## TASK ITEM
Give the entries below again exactly. Their pictures are not needed.

___ TASK MATERIAL ___

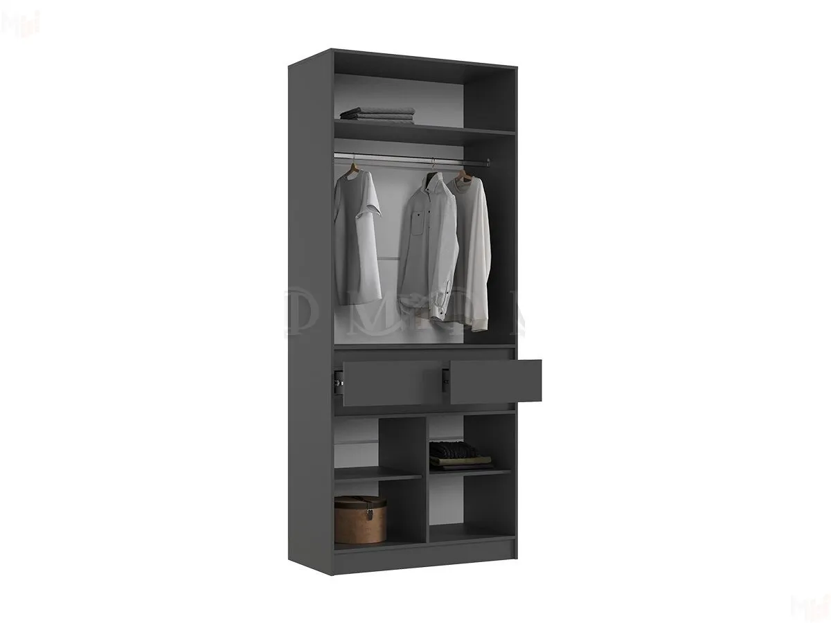 Этот высокий, вместительный и в то же время компактный шкаф будет великолепно смотреться в тандеме с прихожей Роджина. Помимо объемного отсека под одежду с металлической штангой, в шкафу Роджина предусмотрено два удобных выдвижных ящика на шариковых направляющих, а также четыре полки небольшого размера и большая верхняя полка-антресоль.
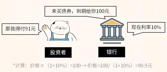 如果现在降息,利率下降到5%,到期还是拿100元,那么你买同一张债券的金额就会上升到95元。
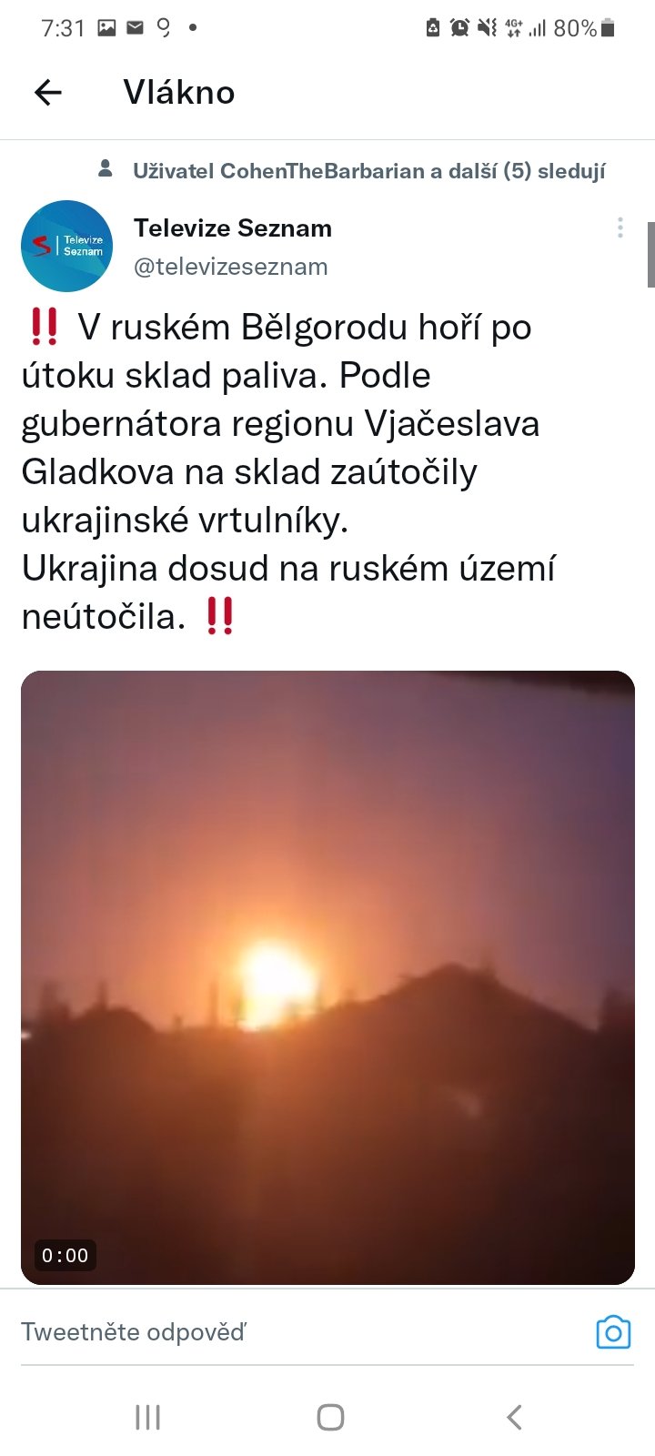 Státní agentura RIA Novosti píše, že v Bělgorodu hoří 8 nádrží z 16, požár se zatím nedaří zastavit.
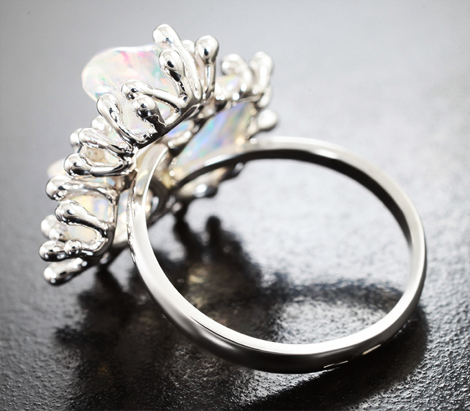 Вашему вниманию предлагается кольцо из белого золота 585 пробы с кристаллическими мексиканскими опалами, сапфирами и бриллиантами! Диаметр дополнительной инкрустации 1,3 мм и 1,7 мм. Площадка 22 х 20 мм, высота 6 мм. Вес изделия 5,46 г. Размер 18. Ниже приводятся ювелирные характеристики вставки.
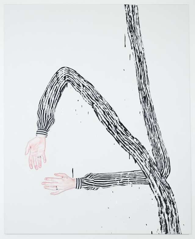 In her bold works, the artist focusses on naturalistically painted hands, as well as sometimes feet, on white backgrounds. These are executed in diverse and dynamic ways; sometimes Douglas dissolves the limbs into loose, abstract brushstrokes from the wrists or ankles onwards, turning them into pure and simultaneously graphic painting which is in part reminiscent of Impressionist brushwork in terms of style or borrows from Abstract Expressionist techniques. Douglas combines representational and abstract painting by creating novel transitions from one to the next. The body may be lacking in these constellations, but is nevertheless conjured up by the reduced brushstrokes and the dynamic shape of the extremities, as a fragmented yet elastic anatomy. The artist’s hands have been closely linked to creative work throughout art history. In Douglas’ work the creative hands virtually dance around the absent body at the end of grotesquely long arms. Despite the paintings containing no clear references to other artists or explicitly contemporary themes, the hands seem to reference our current living reality, in which a connection to the digital world is made via the hands. Here, the body recedes while the hands explore ever new worlds through the keyboards and screens of digital interfaces. Sometimes multiple hands in Douglas’ paintings create an entire network; they interact with and amongst themselves, creating a reflection of the immaterial connection via digital channels on her canvasses.

___

## ANSWER TO THE PROBLEM
 Этот высокий, вместительный и в то же время компактный шкаф будет великолепно смотреться в тандеме с прихожей Роджина. Помимо объемного отсека под одежду с металлической штангой, в шкафу Роджина предусмотрено два удобных выдвижных ящика на шариковых направляющих, а также четыре полки небольшого размера и большая верхняя полка-антресоль.
 如果现在降息,利率下降到5%,到期还是拿100元,那么你买同一张债券的金额就会上升到95元。
 Státní agentura RIA Novosti píše, že v Bělgorodu hoří 8 nádrží z 16, požár se zatím nedaří zastavit.
 Вашему вниманию предлагается кольцо из белого золота 585 пробы с кристаллическими мексиканскими опалами, сапфирами и бриллиантами! Диаметр дополнительной инкрустации 1,3 мм и 1,7 мм. Площадка 22 х 20 мм, высота 6 мм. Вес изделия 5,46 г. Размер 18. Ниже приводятся ювелирные характеристики вставки.
 In her bold works, the artist focusses on naturalistically painted hands, as well as sometimes feet, on white backgrounds. These are executed in diverse and dynamic ways; sometimes Douglas dissolves the limbs into loose, abstract brushstrokes from the wrists or ankles onwards, turning them into pure and simultaneously graphic painting which is in part reminiscent of Impressionist brushwork in terms of style or borrows from Abstract Expressionist techniques. Douglas combines representational and abstract painting by creating novel transitions from one to the next. The body may be lacking in these constellations, but is nevertheless conjured up by the reduced brushstrokes and the dynamic shape of the extremities, as a fragmented yet elastic anatomy. The artist’s hands have been closely linked to creative work throughout art history. In Douglas’ work the creative hands virtually dance around the absent body at the end of grotesquely long arms. Despite the paintings containing no clear references to other artists or explicitly contemporary themes, the hands seem to reference our current living reality, in which a connection to the digital world is made via the hands. Here, the body recedes while the hands explore ever new worlds through the keyboards and screens of digital interfaces. Sometimes multiple hands in Douglas’ paintings create an entire network; they interact with and amongst themselves, creating a reflection of the immaterial connection via digital channels on her canvasses.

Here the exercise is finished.